◆ TRY IT ◆
Write out, exactly and in full, the line where "To je součást" appears together with all lines that follow it in the entries below. Do not include pictures.

:::::

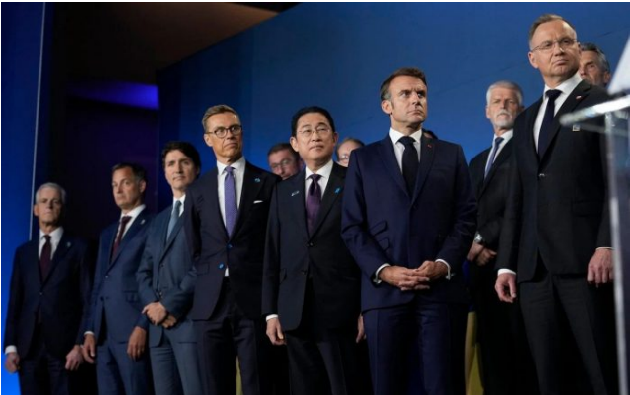
Zděšené a zachmuřené pohledy představitelů zemí NATO na Bidenův výrok o Putinovi

To je součást plánu globalčiků a tyto epizody Joe Bidena pouze utvrdí evropské elity, že vybírat si snad mezi závislostí EU na USA vedenými demenčním Bidenem, anebo závislostí EU na USA vedenými “ pro-ruským ” Trumpem, nemá prostě smysl a dovede je to zpátky k myšlence vytvoření tzv. Evropské armády. Vznikem EU armády bude rozborka NATO dokončena. A mezitím globální jih začne upevňovat svoji dominanci. Naprostým šokem byla asi nejen pro mně informace, že Vladimir Putin prohlásil [2], že skupina BRICS by měla vytvořit svůj vlastní parlament, tedy vlastně legislativní orgán na způsob Evropského parlamentu a jeho předchůdce Nejvyššího sovětu a Sjezdu lidových poslanců v dobách SSSR.
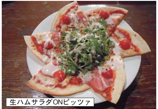
生ハムサラダONピッツァ

毎日暑い日が続いてますね。本紙はお盆休みの都合で8月11日に印刷していますが、みなさま花火大会はお楽しみいただけただけでしょうか。 役員達も連日作業で体力に余裕がなくなつてきているように感じています。 我が隊員の一人が「こんな時ほどゆつたりまつたりしたいよね」と言っている、「そうだ！隠れ家のいいお店知ってるんだ。おんラインさん
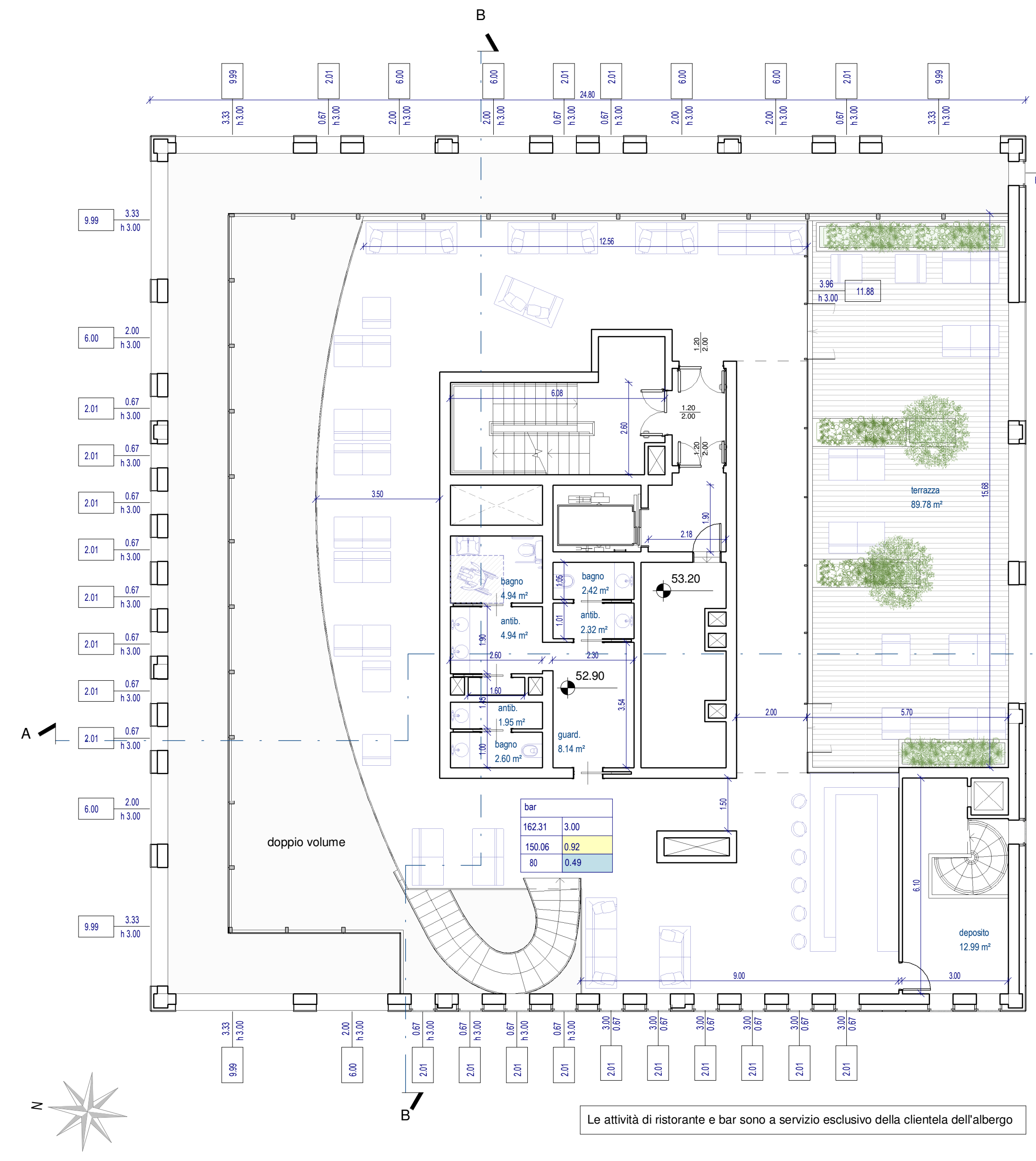
PIANTA PIANO 16°

:::::

◆ FINAL ANSWER ◆
To je součást plánu globalčiků a tyto epizody Joe Bidena pouze utvrdí evropské elity, že vybírat si snad mezi závislostí EU na USA vedenými demenčním Bidenem, anebo závislostí EU na USA vedenými “ pro-ruským ” Trumpem, nemá prostě smysl a dovede je to zpátky k myšlence vytvoření tzv. Evropské armády. Vznikem EU armády bude rozborka NATO dokončena. A mezitím globální jih začne upevňovat svoji dominanci. Naprostým šokem byla asi nejen pro mně informace, že Vladimir Putin prohlásil [2], že skupina BRICS by měla vytvořit svůj vlastní parlament, tedy vlastně legislativní orgán na způsob Evropského parlamentu a jeho předchůdce Nejvyššího sovětu a Sjezdu lidových poslanců v dobách SSSR.
生ハムサラダONピッツァ

毎日暑い日が続いてますね。本紙はお盆休みの都合で8月11日に印刷していますが、みなさま花火大会はお楽しみいただけただけでしょうか。 役員達も連日作業で体力に余裕がなくなつてきているように感じています。 我が隊員の一人が「こんな時ほどゆつたりまつたりしたいよね」と言っている、「そうだ！隠れ家のいいお店知ってるんだ。おんラインさん
PIANTA PIANO 16°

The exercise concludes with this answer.